(Stored records)
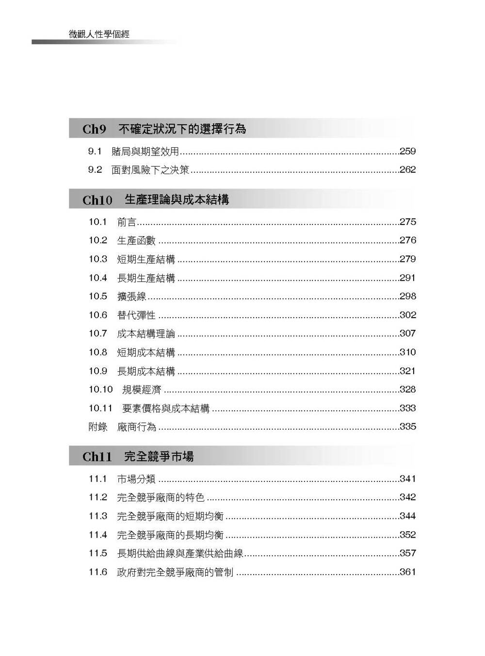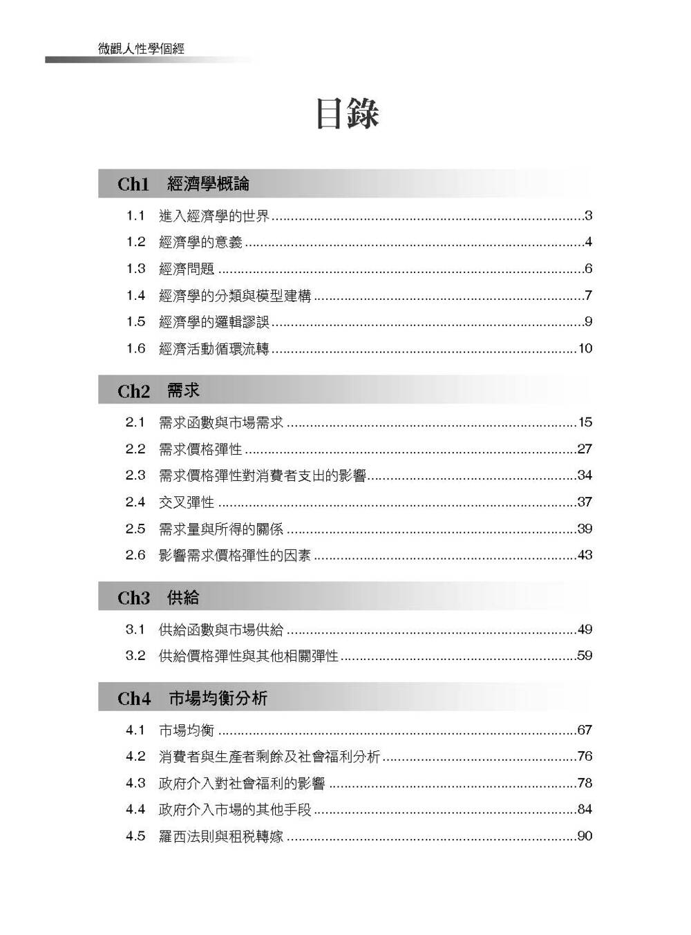 本書總共二十個章節,前四章主要針對基本的供需市場做討論。第五章開始一直到第九章著重在消費者行為模型的建構與應用。第十章到第十五章則將焦點著重在廠商身處不同市場的決策與行為。第十六章至第十八章除了討論同時考慮所有市場的一般均衡以外,也在模型中加入一些環保、污染或資訊不對稱的問題試圖更完美詮釋現實生活中的「不完美」。最後兩章則帶領讀者討論當國與國之間開放貿易的成因與開放後會出現的現象。
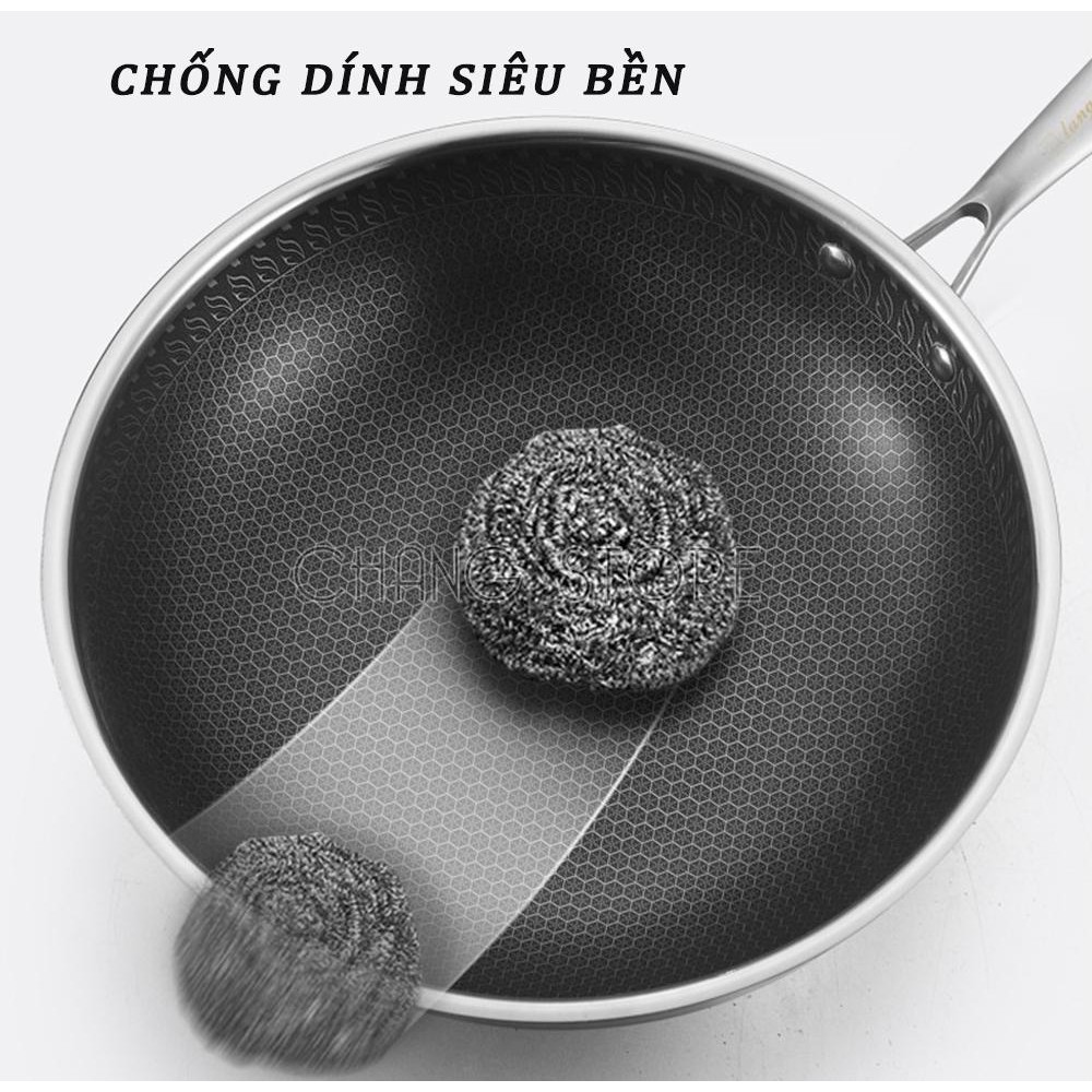 - Tay cầm bằng inox đúc rỗng, kỹ thuật đặc biệt ghép nối với thành chảo nên không nóng, nhẵn và sáng bóng nên dễ dàng rửa sạch và luôn đẹp, sang trọng.
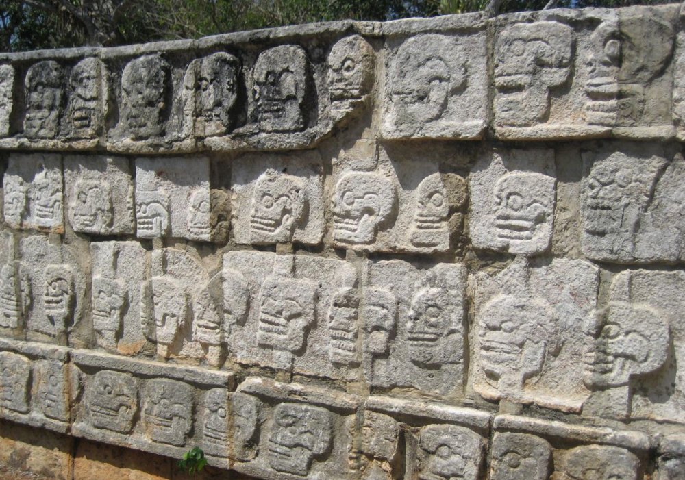 Справа от поля для игры в мяч – Стена черепов, Т-образная платформа, стены которой покрыты рельефными изображениями черепов На каменную стену развешивали черепа принесенных в жертву людей, а на специальный шест насаживали в ряд отрубленные головы врагов.
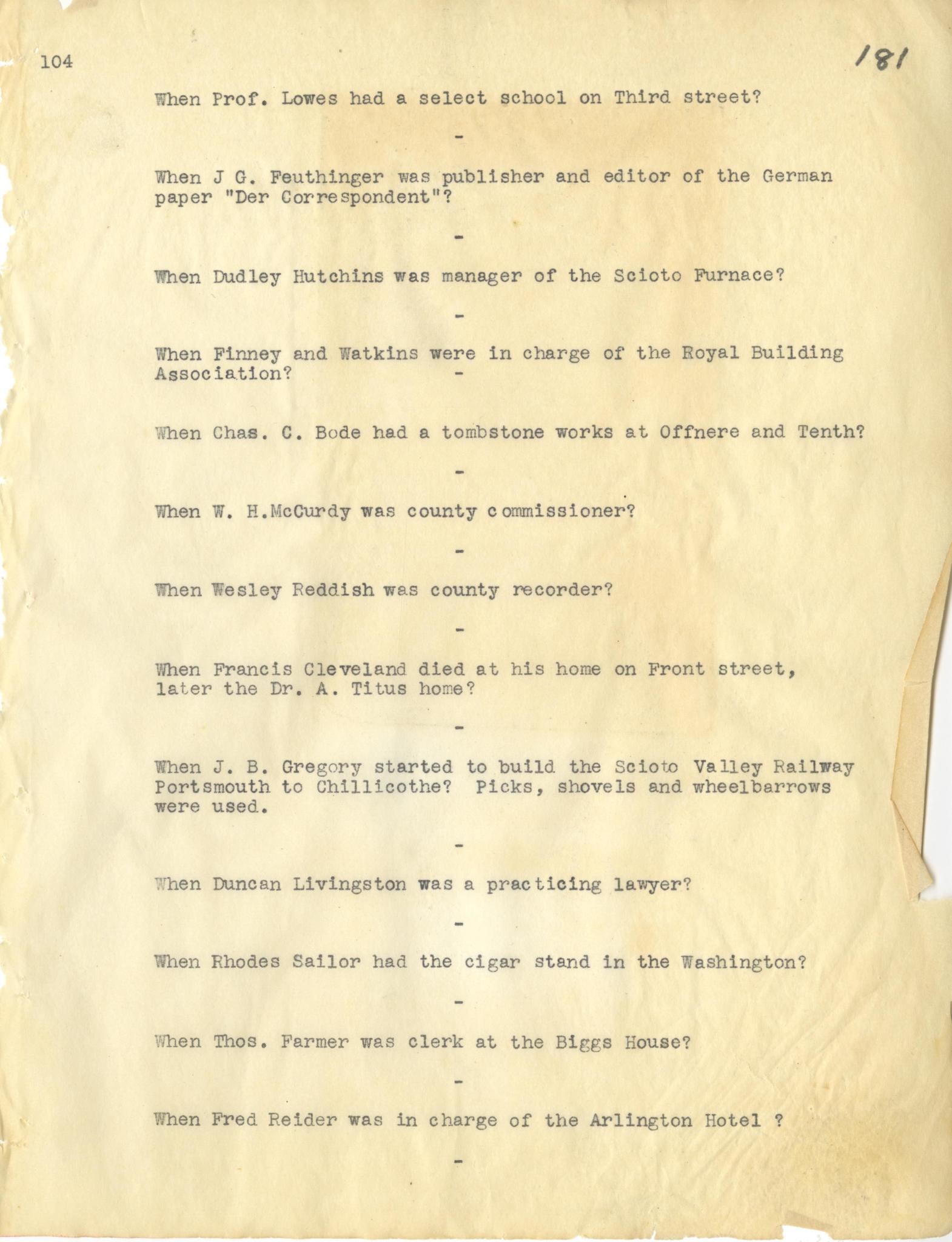 - Photo image of scanned scrapbook page 181. Pictured: typed page from Do You Remember Continued. Prof. Lowes; J. G. Feuthinger, editor of the Der Correspondent; Dudley Hutchins, manager of the Scioto Furnace; Finney and Watkins were in charge of the Royal Building Association; Charles C. Bode; W. H. McCurdy; Wesley Reddish; Francis Cleveland; Dr. A. Titus; J. B. Gregory; Valley Railway; Duncan Livingston; Rhodes Sailor; Thomas Farmer, clerk at the Biggs House; Fred Reider; Arlington Hotel
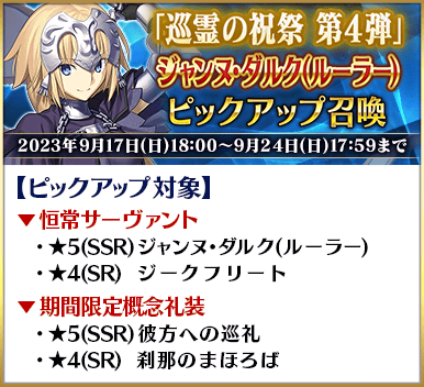 ◆『「巡霊の祝祭 第4弾」ピックアップ召喚』スケジュール◆
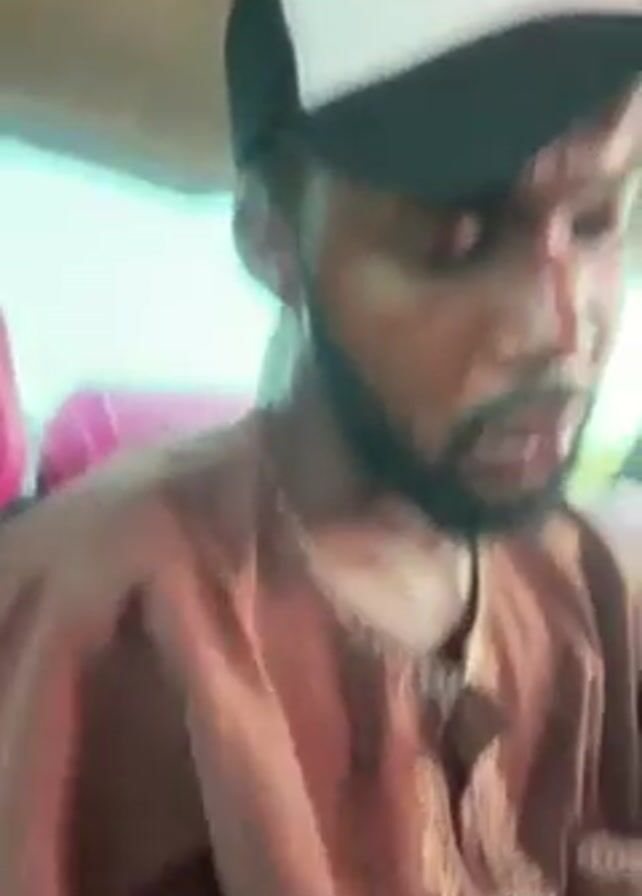 Inside a vehicle, a dark-skinned man is wearing a black and white trucker hat with the name "Ayyub" written on the front. He is also wearing a brown tunic. The man looks down during the video. The background shows car interior and a glimpse outside the window.
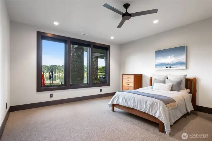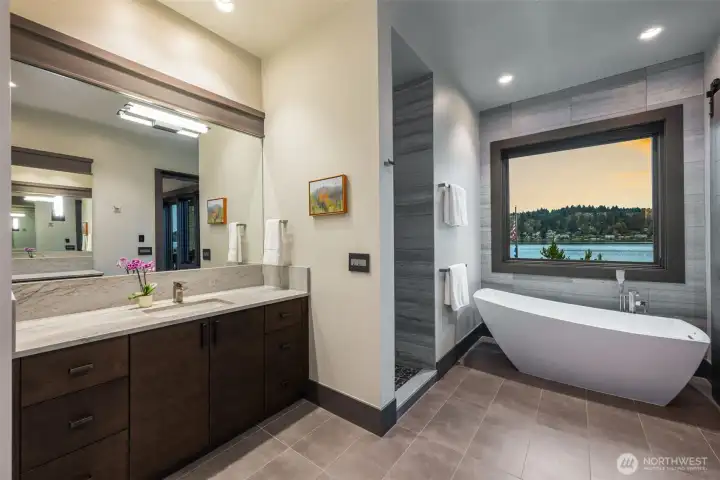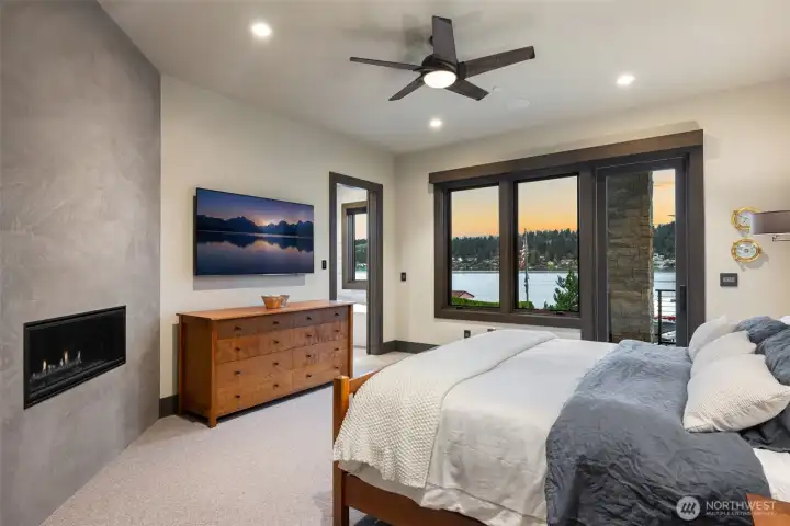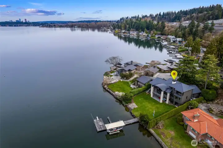 Experience modern luxury at its finest in this west-facing custom Lake Washington residence, boasting sunset views, and nestled on a quiet, private lane in Bellevue’s coveted Pleasure Point. This waterfront masterpiece bathes in natural light and frames ever-changing lake vistas from nearly every room. Sleek custom finishes create a refined palette of contemporary elegance. A dramatic entry opens to expansive living spaces with seamless indoor–outdoor flow that transforms the home into a serene retreat or a vibrant entertaining venue. The gourmet kitchen is a chef’s dream, featuring professional grade Wolf/Sub Zero appliances, a generous quartzite island, and lake views that elevate everyday living. The main level primary suite offers a spa-inspired bath with heated floors, a decadent soaking tub, and a vast walk-in closet with organized storage. Additional spaces include thoughtfully designed bedrooms, a dedicated home office, and a lower-level family room for versatile living. Discover refined minimalism united with timeless elegance as this residence that transitions from tranquil daily living to memorable waterfront entertaining. A wine cellar complements the ambiance, while a saltwater hot tub invites relaxation after a day on the water. Your premier waterfront lifestyle, blending contemporary design with timeless luxury, awaits on the shores of Lake Washington.
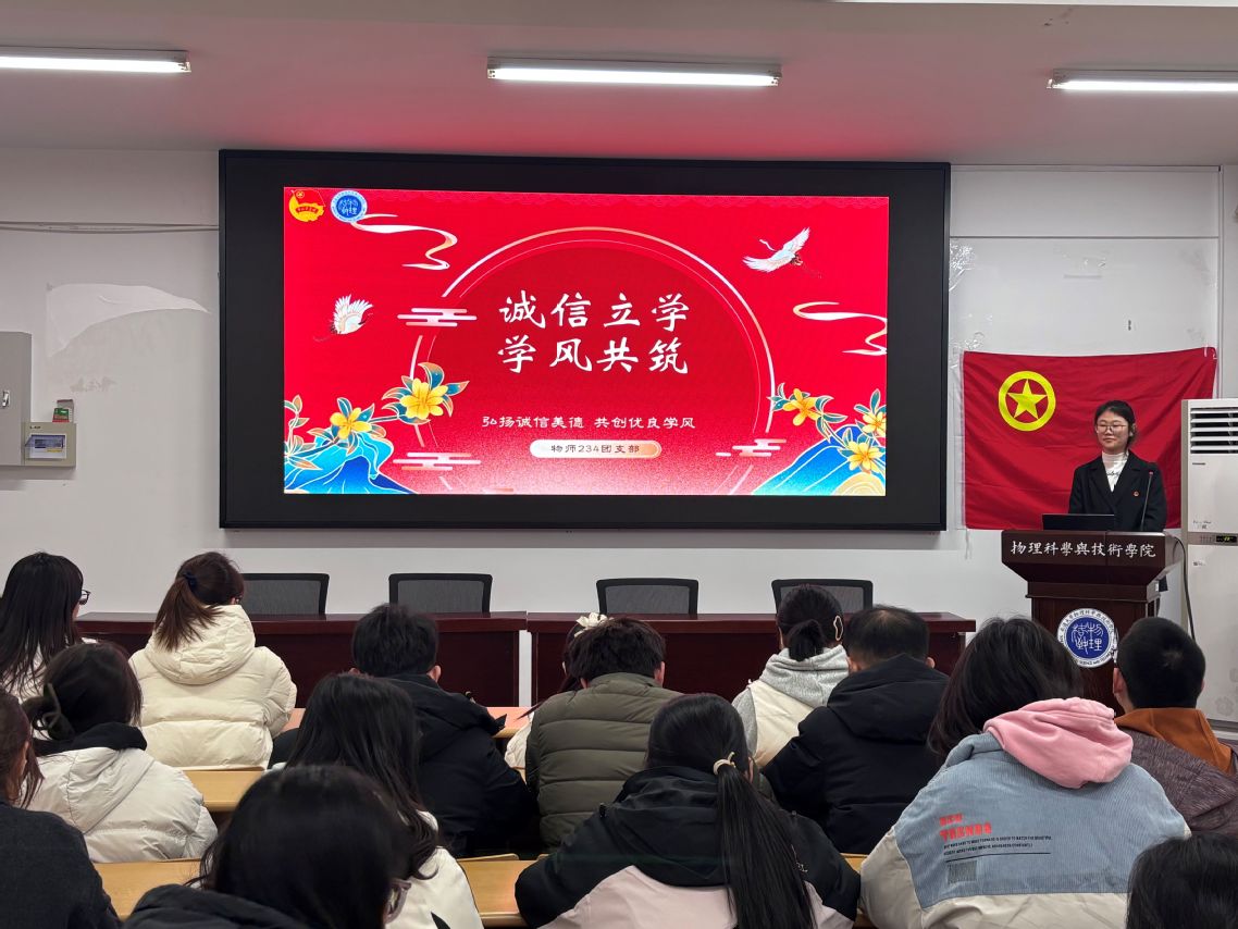 为传承中华优秀传统美德,深入践行社会主义核心价值观,进一步增强团员青年的诚信意识与社会责任感,培育文明健康、向上向善的诚信文化,12月4日,网赌平台 团委主办、物师234团支部承办了“诚信立学,学风共筑”主题团日活动。
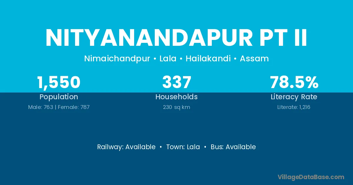 Nityanandapur Pt Ii village has a total population of 1,550 people, of which 763 are males and 787 are females.
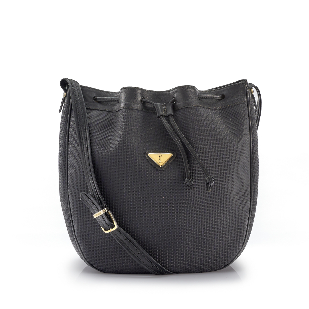 in black plasticized textured fabric. Lining with logo fabric. Adjustable handle and black leather inserts. Leather drawstring closure. Golden-tone metal hardware.
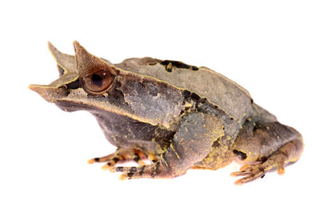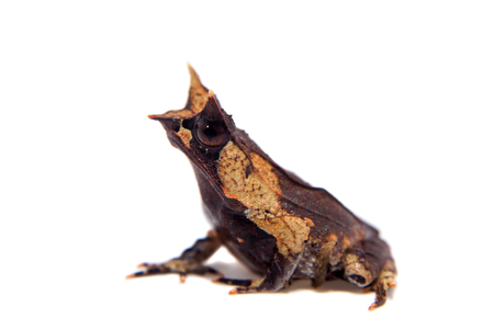 Long-nosed horned frog, Megophrys nasuta, isolated
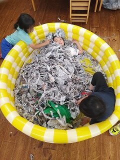 新聞紙プールで、鼻だけ残してかくれんぼ!
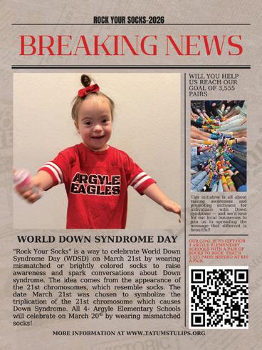 Argyle Living is published monthly by Murray Media Group. Some articles and/or content may be sponsored by advertisers. Opinions expressed in articles or advertisements do not necessarily reflect the opinion of the publisher. Argyle Living is not responsible for omissions or information that has been misrepresented to the magazine. Advertisers and its agencies assume all liability for advertising content. No part of this publication may be reproduced or transmitted without the permission in writing from the publisher. © 2026 Murray Media Group

PROMPT
Reproduce the entries exactly. Do not carry over any picture.

TASK OUTPUT
 本書總共二十個章節,前四章主要針對基本的供需市場做討論。第五章開始一直到第九章著重在消費者行為模型的建構與應用。第十章到第十五章則將焦點著重在廠商身處不同市場的決策與行為。第十六章至第十八章除了討論同時考慮所有市場的一般均衡以外,也在模型中加入一些環保、污染或資訊不對稱的問題試圖更完美詮釋現實生活中的「不完美」。最後兩章則帶領讀者討論當國與國之間開放貿易的成因與開放後會出現的現象。
 - Tay cầm bằng inox đúc rỗng, kỹ thuật đặc biệt ghép nối với thành chảo nên không nóng, nhẵn và sáng bóng nên dễ dàng rửa sạch và luôn đẹp, sang trọng.
 Справа от поля для игры в мяч – Стена черепов, Т-образная платформа, стены которой покрыты рельефными изображениями черепов На каменную стену развешивали черепа принесенных в жертву людей, а на специальный шест насаживали в ряд отрубленные головы врагов.
 - Photo image of scanned scrapbook page 181. Pictured: typed page from Do You Remember Continued. Prof. Lowes; J. G. Feuthinger, editor of the Der Correspondent; Dudley Hutchins, manager of the Scioto Furnace; Finney and Watkins were in charge of the Royal Building Association; Charles C. Bode; W. H. McCurdy; Wesley Reddish; Francis Cleveland; Dr. A. Titus; J. B. Gregory; Valley Railway; Duncan Livingston; Rhodes Sailor; Thomas Farmer, clerk at the Biggs House; Fred Reider; Arlington Hotel
 ◆『「巡霊の祝祭 第4弾」ピックアップ召喚』スケジュール◆
 Inside a vehicle, a dark-skinned man is wearing a black and white trucker hat with the name "Ayyub" written on the front. He is also wearing a brown tunic. The man looks down during the video. The background shows car interior and a glimpse outside the window.
 Experience modern luxury at its finest in this west-facing custom Lake Washington residence, boasting sunset views, and nestled on a quiet, private lane in Bellevue’s coveted Pleasure Point. This waterfront masterpiece bathes in natural light and frames ever-changing lake vistas from nearly every room. Sleek custom finishes create a refined palette of contemporary elegance. A dramatic entry opens to expansive living spaces with seamless indoor–outdoor flow that transforms the home into a serene retreat or a vibrant entertaining venue. The gourmet kitchen is a chef’s dream, featuring professional grade Wolf/Sub Zero appliances, a generous quartzite island, and lake views that elevate everyday living. The main level primary suite offers a spa-inspired bath with heated floors, a decadent soaking tub, and a vast walk-in closet with organized storage. Additional spaces include thoughtfully designed bedrooms, a dedicated home office, and a lower-level family room for versatile living. Discover refined minimalism united with timeless elegance as this residence that transitions from tranquil daily living to memorable waterfront entertaining. A wine cellar complements the ambiance, while a saltwater hot tub invites relaxation after a day on the water. Your premier waterfront lifestyle, blending contemporary design with timeless luxury, awaits on the shores of Lake Washington.
 为传承中华优秀传统美德,深入践行社会主义核心价值观,进一步增强团员青年的诚信意识与社会责任感,培育文明健康、向上向善的诚信文化,12月4日,网赌平台 团委主办、物师234团支部承办了“诚信立学,学风共筑”主题团日活动。
 Nityanandapur Pt Ii village has a total population of 1,550 people, of which 763 are males and 787 are females.
 in black plasticized textured fabric. Lining with logo fabric. Adjustable handle and black leather inserts. Leather drawstring closure. Golden-tone metal hardware.
 Long-nosed horned frog, Megophrys nasuta, isolated
 新聞紙プールで、鼻だけ残してかくれんぼ!
 Argyle Living is published monthly by Murray Media Group. Some articles and/or content may be sponsored by advertisers. Opinions expressed in articles or advertisements do not necessarily reflect the opinion of the publisher. Argyle Living is not responsible for omissions or information that has been misrepresented to the magazine. Advertisers and its agencies assume all liability for advertising content. No part of this publication may be reproduced or transmitted without the permission in writing from the publisher. © 2026 Murray Media Group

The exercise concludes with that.